Wir sind Fabian, Benjamin und Evi Kostner, Vorstandsmitglieder von amikaro. amikaro ist ein ehrenamtlicher Verein aus Klausen, der 2012 gegründet wurde. Wir setzen uns vor allem für internationale Solidarität und Zusammenarbeit ein. amikaro kommt aus dem Esperanto und bedeutet Freundeskreis; unser Ziel ist es also, einen Freundeskreis zwischen Südtirol und Guatemala aufzubauen und durch verschiedene Projekte Barrieren und Grenzen ein bisschen einzureissen. 

Wie seid ihr zu franz pop up gekommen? 
Wir haben auf franzmagazine gelesen, dass ihr in Klausen unterwegs sein werdet, deshalb wollten wir die Chance nutzen, um euch ein bisschen etwas über amikaro zu erzählen. Da es eines unserer Ziele wäre, einen kulturellen und künstlerischen Austausch zwischen Guatemala und Südtirol zu schaffen, wozu wir auch schon einige Ideen und Pläne hätten, würden wir gerne Kultur- und Kunstinteressierte Menschen erreichen und mit ihnen in Kontakt treten, um vielleicht gemeinsam spannende Projekte zu schaffen.
Und dafür ist franzmagazine mit seiner LeserInnenschaft vielleicht die richtige Plattform ; ) 

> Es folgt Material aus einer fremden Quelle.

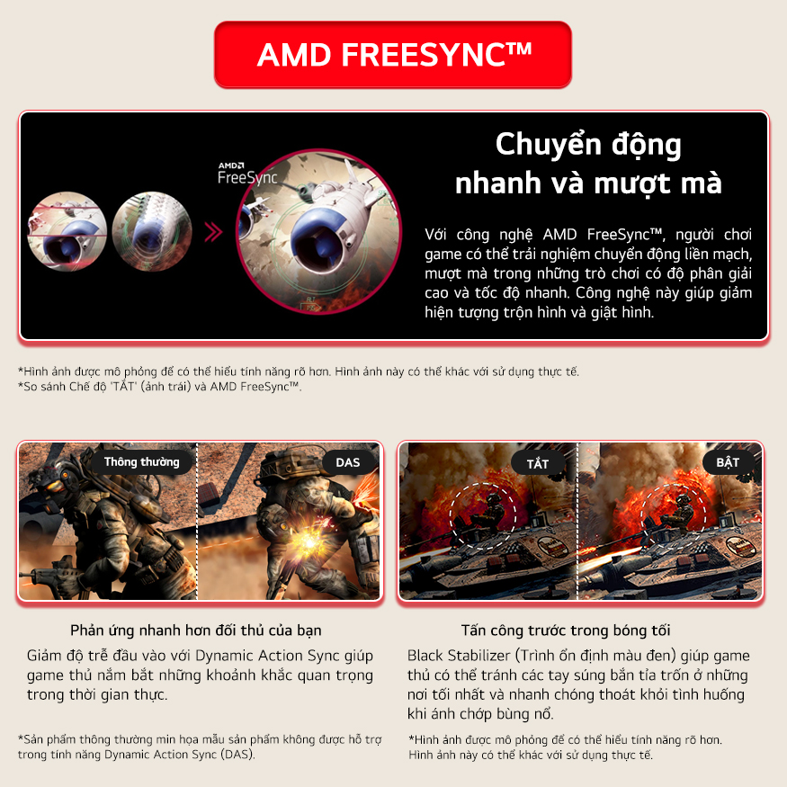 Với công nghệ AMD FreeSync™, người chơi game có thể trải nghiệm chuyển động liền mạch, mượt mà trong những trò chơi có độ phân giải cao và tốc độ nhanh. Công nghệ này giúp giảm hiện tượng trộn hình và giật hình.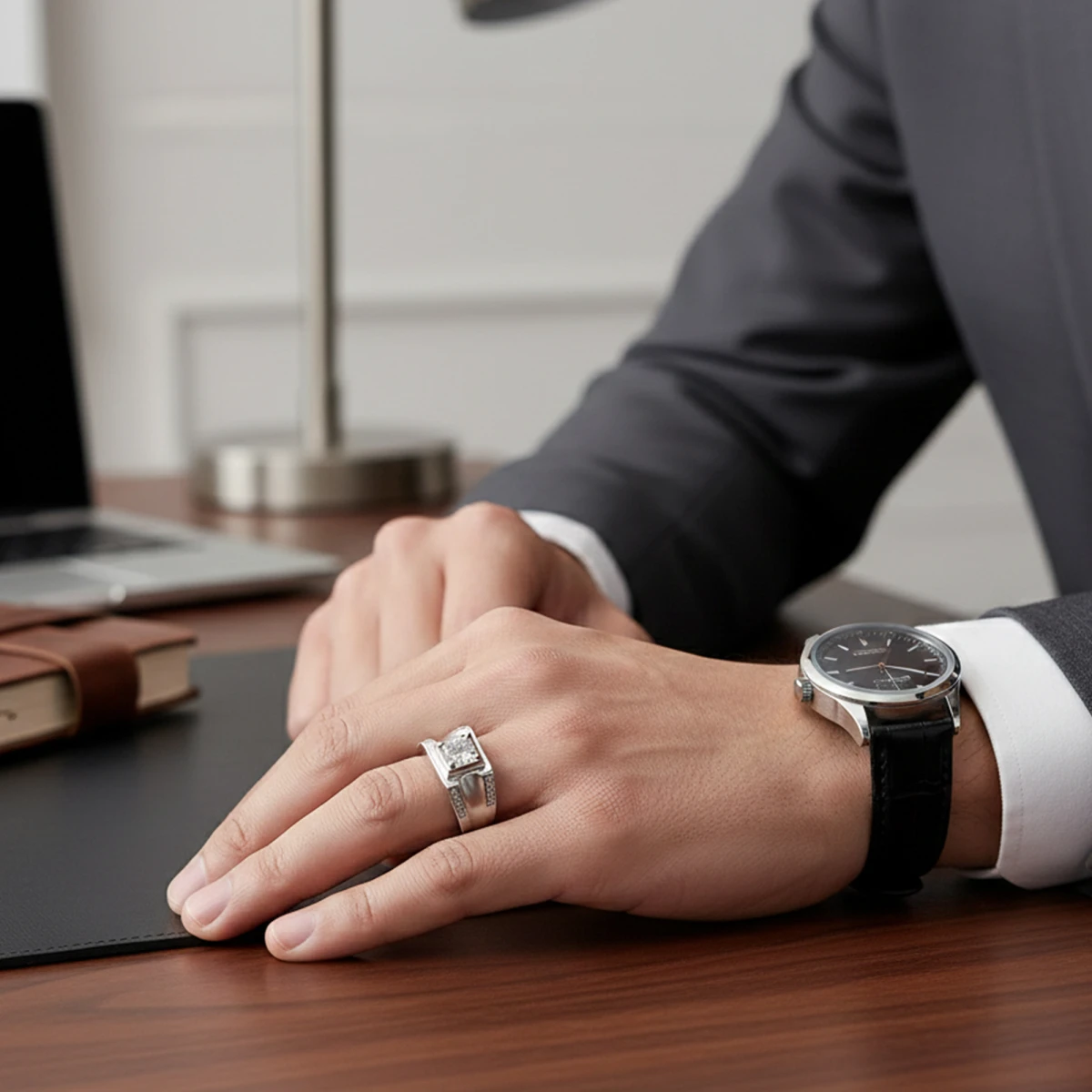 The Vibhū ring features bold lines and striking contrasts that capture a modern, confident aesthetic. Designed for both men and women, it perfectly balances strength and style. Its contemporary form makes it an ideal statement piece for everyday wear or special occasions.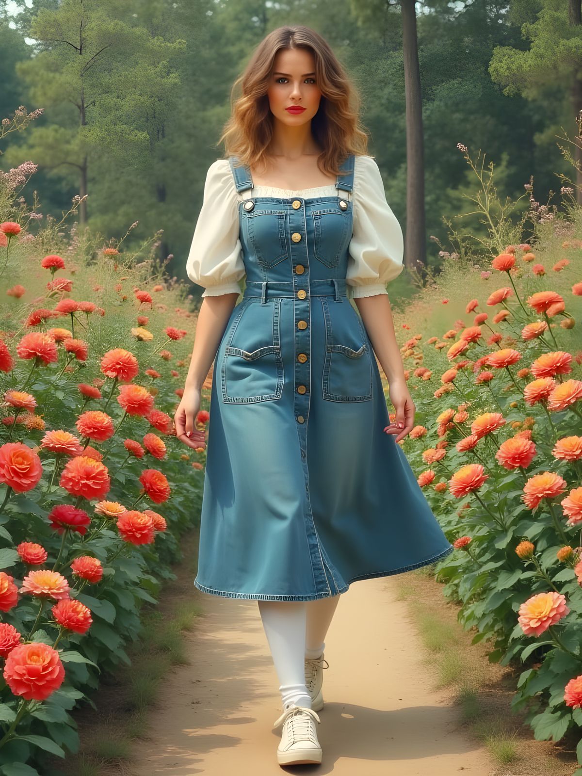 A vibrant image of a curvy woman in a denim dress walking through a flower garden. The scene blends art nouveau and pop art elements, creating a visually striking, colorful portrait.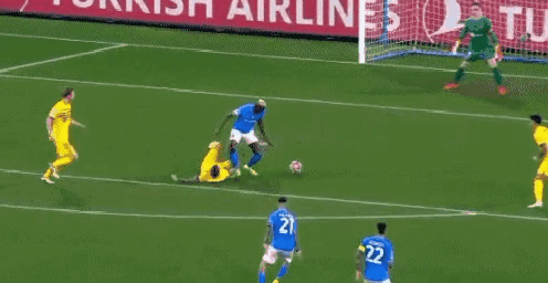 第75分钟安古伊萨直传导致马丁内斯防守摔倒,奥斯梅恩抓住机会推射破门1-1扳平!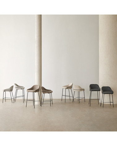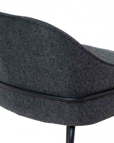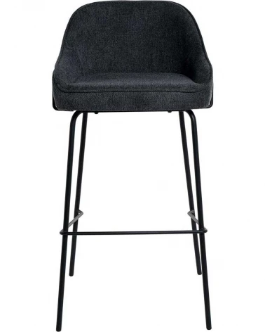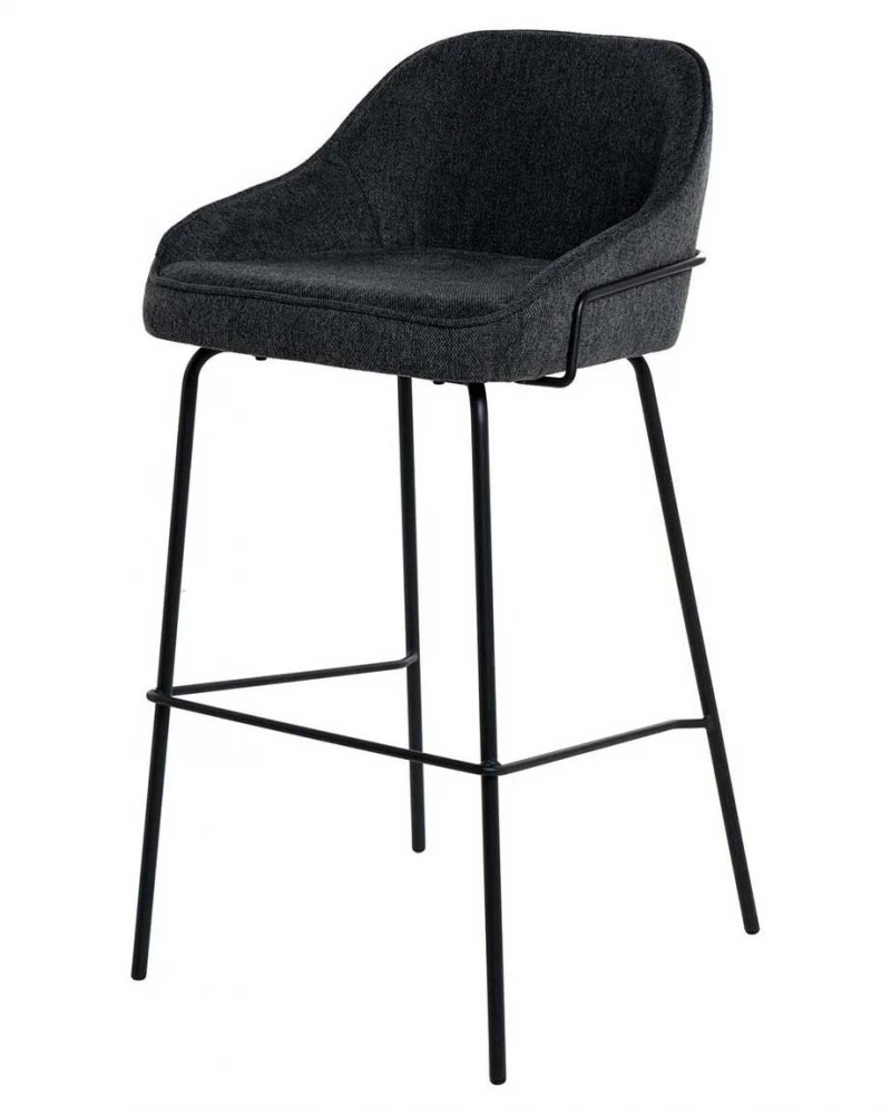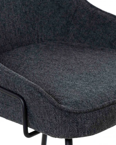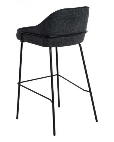 Táto barová stolička je ideálna do kuchýň alebo barov vďaka svojmu minimalistickému a elegantnému dizajnu. Sedadlo je čalúnené tmavosivou látkou (100 % polyester), ktorá ponúka neutrálny a sofistikovaný vzhľad. Kovová konštrukcia a nohy dodávajú moderný a odolný charakter.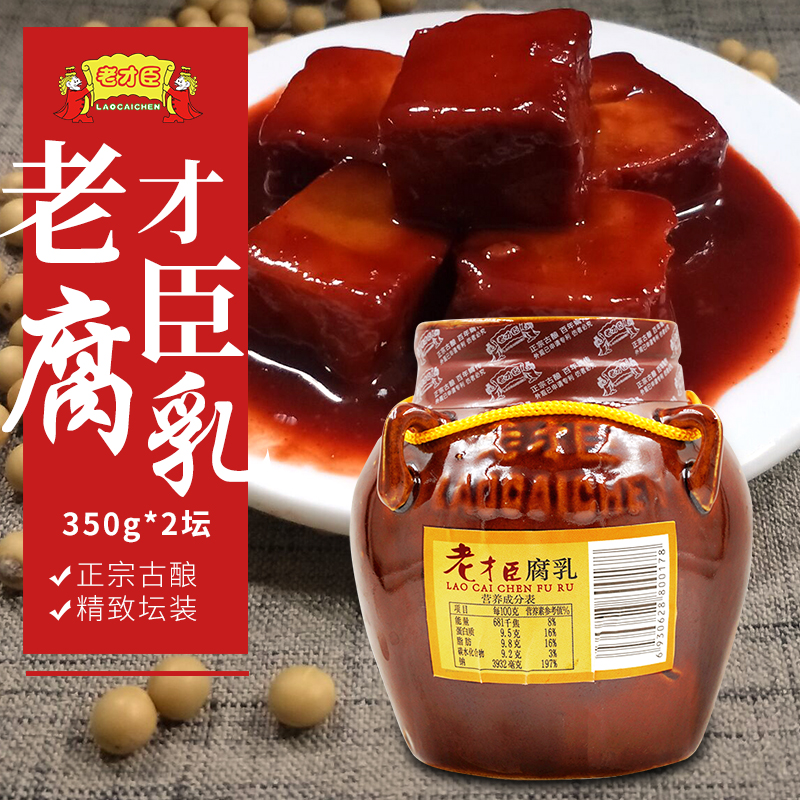 Lao Cai Chen tofu milk Red fermented bean curd 350g * 2 jars of hot pot dipping sauce Tofu mold tofu Beijing red fermented bean curd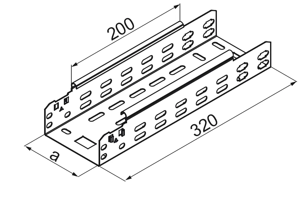 Подовження кабельної траси з лотків KF...Можливість з'єднання лотків KF...зі стандартними лотками. Матеріал S - оцинкована методом Сендзимира сталь PN-EN 10346:2015-09 Доступні варіанти обробки: L - фарбування в стандартний колір RAL
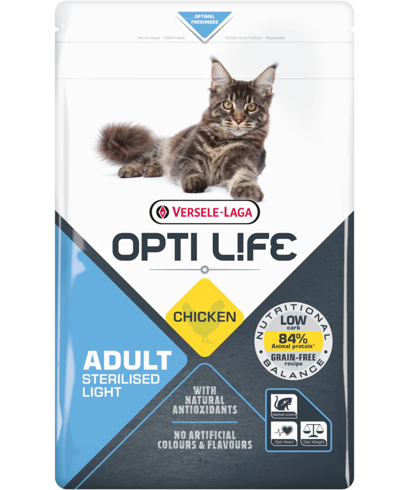 Opti Life Sterilised/Light is een perfect nutritioneel uitgebalanceerde formule op basis van kip, laag in koolhydraten en granenvrij, die het lichaamsgewicht van jouw kat helpt op peil te houden.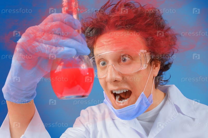 Безумный Ученый смотрит на колбу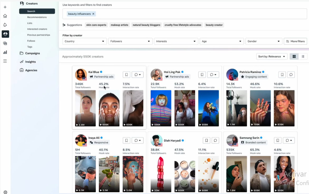 Otra noticia destacada es la función de buscador en el marketplace de creadores de Instagram, en el cual, además de hacer búsquedas por nombres, también puede realizar búsquedas por temas o especializaciones, por ejemplo, podemos colocar «influencers de belleza» (beauty influencers) y aparecerán diferentes influencers relacionados con ese sector. Esta herramienta permite que las empresas puedan encontrar influencers de determinados sectores o rubros de negocio.

Was habt ihr uns mitgebracht?
Wir haben unsere Motivation mitgebracht und auch einen Teil unserer Erfahrung. Wenn ihr mehr darüber hören und sehen wollt, würden wir euch gerne zur Vernissage unserer Fotoausstellung “Guatemala: Leben im bewaffneten Frieden“ ab Freitag den 7. August 2015 im ExAstraKino in Brixen einladen. Die Ausstellung findet im Rahmen von SommerSonneKaktus statt, anschließend kann dann noch zu Shantipowa Soundsystem und MiglioWatt getanzt werden. Bei der Fotoausstellung werden Bilder von verschiedenen Lebenssituationen in Guatemala ausgestellt, wozu wir natürlich auch von unserer eigenen Erfahrung erzählen: Wir arbeiten vor allem in der Hauptstadt, aber es werden auch Fotos aus der Zeit, in der wir mit den indigenen Völkern in ihrem Kampf für Gerechtigkeit unterwegs waren, gezeigt. So kann man zum urbanen Guatemala auch einen Einblick in die ruralen Realitäten bekommen, um ein anderes, persönlicheres Guatemala kennenzulernen, als jenes, das man aus dem Fernsehen kennt.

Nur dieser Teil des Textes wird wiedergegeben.